Source data below:

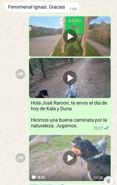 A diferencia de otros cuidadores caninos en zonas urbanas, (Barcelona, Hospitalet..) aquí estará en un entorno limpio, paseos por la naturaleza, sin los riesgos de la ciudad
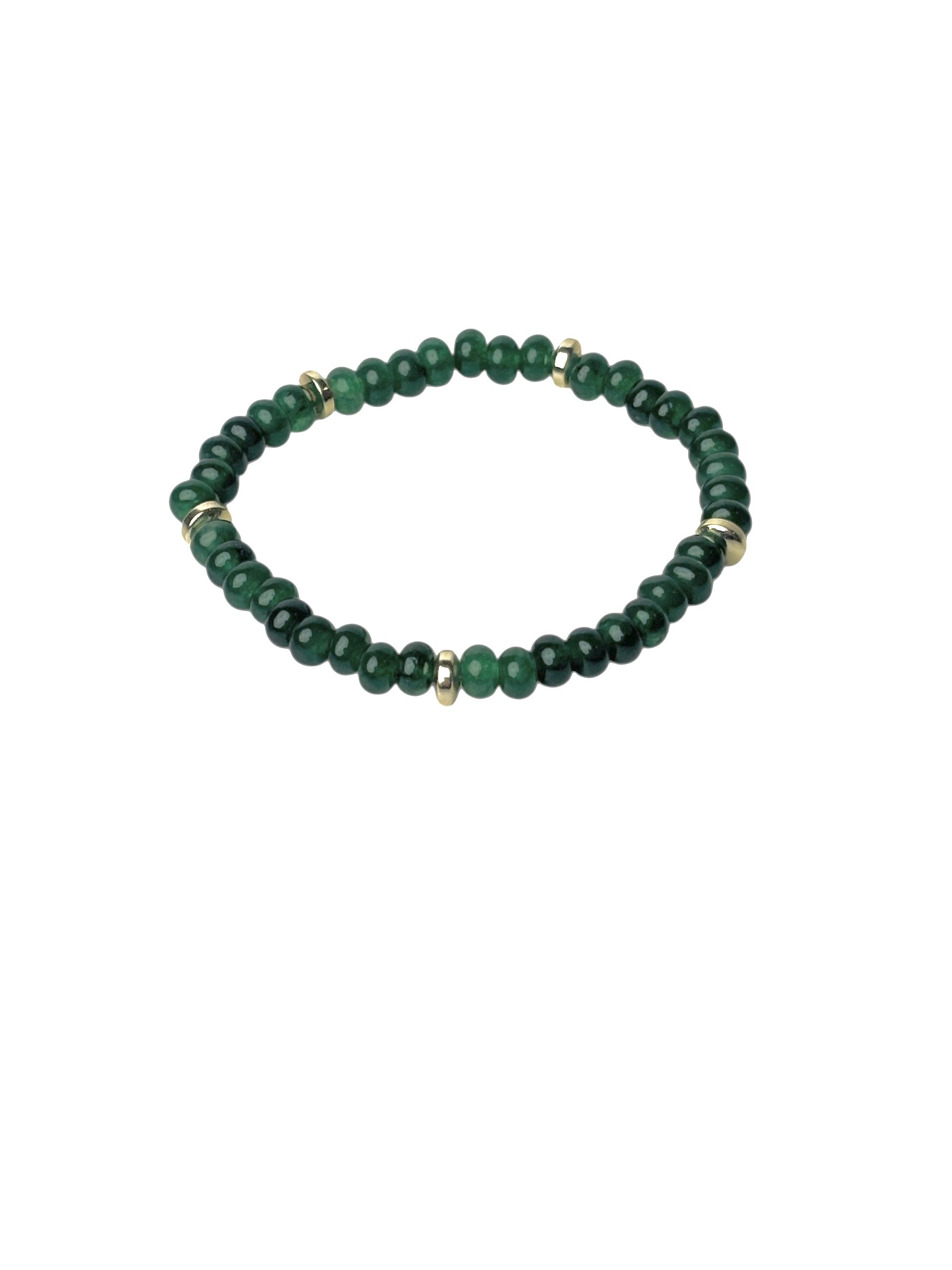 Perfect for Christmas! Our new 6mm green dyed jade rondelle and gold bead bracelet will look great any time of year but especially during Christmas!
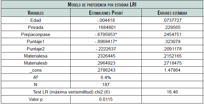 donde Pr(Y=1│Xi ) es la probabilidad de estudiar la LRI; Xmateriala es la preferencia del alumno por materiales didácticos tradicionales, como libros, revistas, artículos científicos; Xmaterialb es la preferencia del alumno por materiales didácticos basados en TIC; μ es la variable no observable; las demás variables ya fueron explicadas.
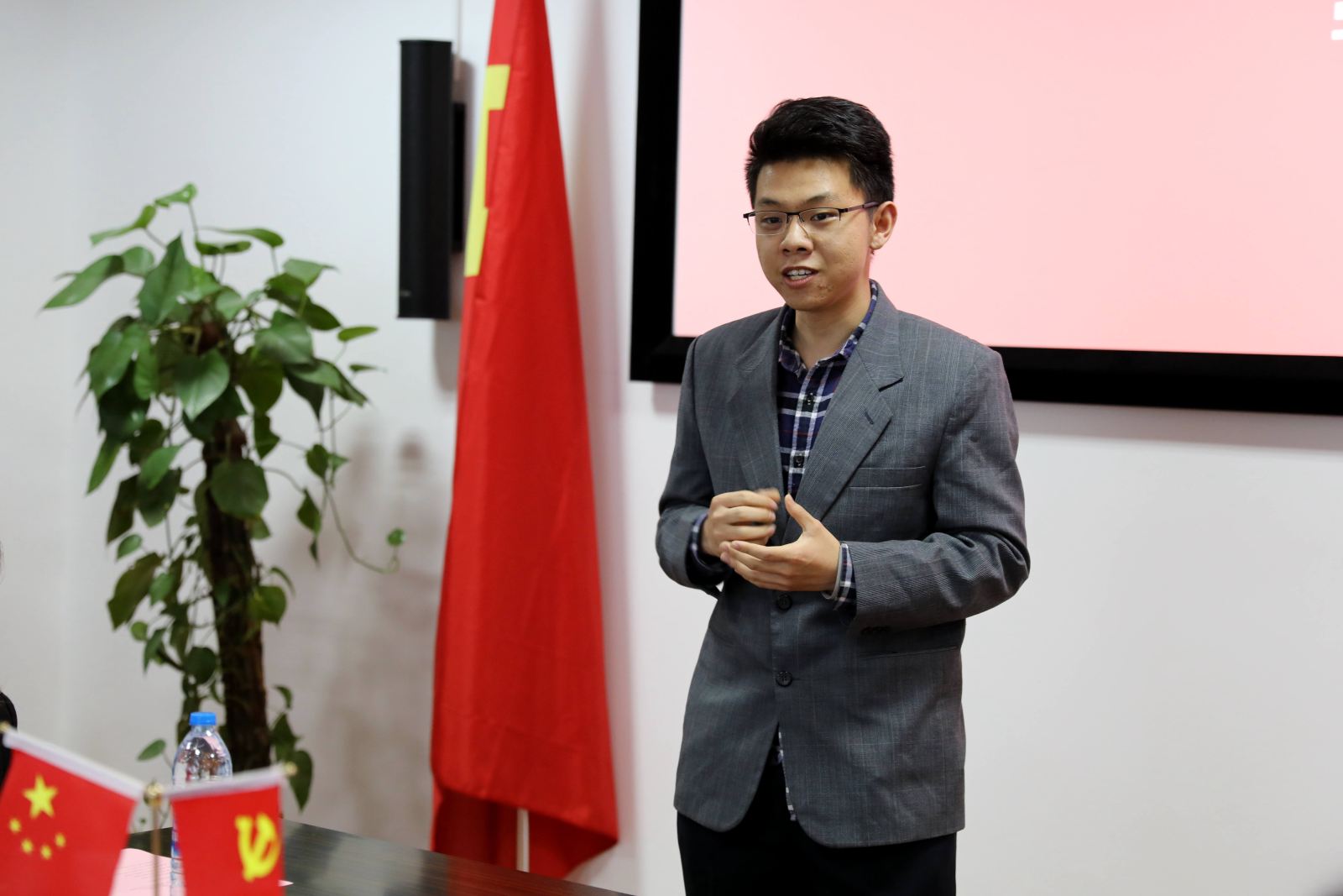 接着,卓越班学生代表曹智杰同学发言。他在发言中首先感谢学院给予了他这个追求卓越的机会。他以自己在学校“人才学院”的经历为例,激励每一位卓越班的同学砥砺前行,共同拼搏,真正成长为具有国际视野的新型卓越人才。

End of Source data.

> [What you should do]
Reproduce verbatim the lines of the material above, beginning with its first line and ending with the line that contains "Perfect for Christmas!"; skip pictures.

> [Exercise response]
 A diferencia de otros cuidadores caninos en zonas urbanas, (Barcelona, Hospitalet..) aquí estará en un entorno limpio, paseos por la naturaleza, sin los riesgos de la ciudad
 Perfect for Christmas! Our new 6mm green dyed jade rondelle and gold bead bracelet will look great any time of year but especially during Christmas!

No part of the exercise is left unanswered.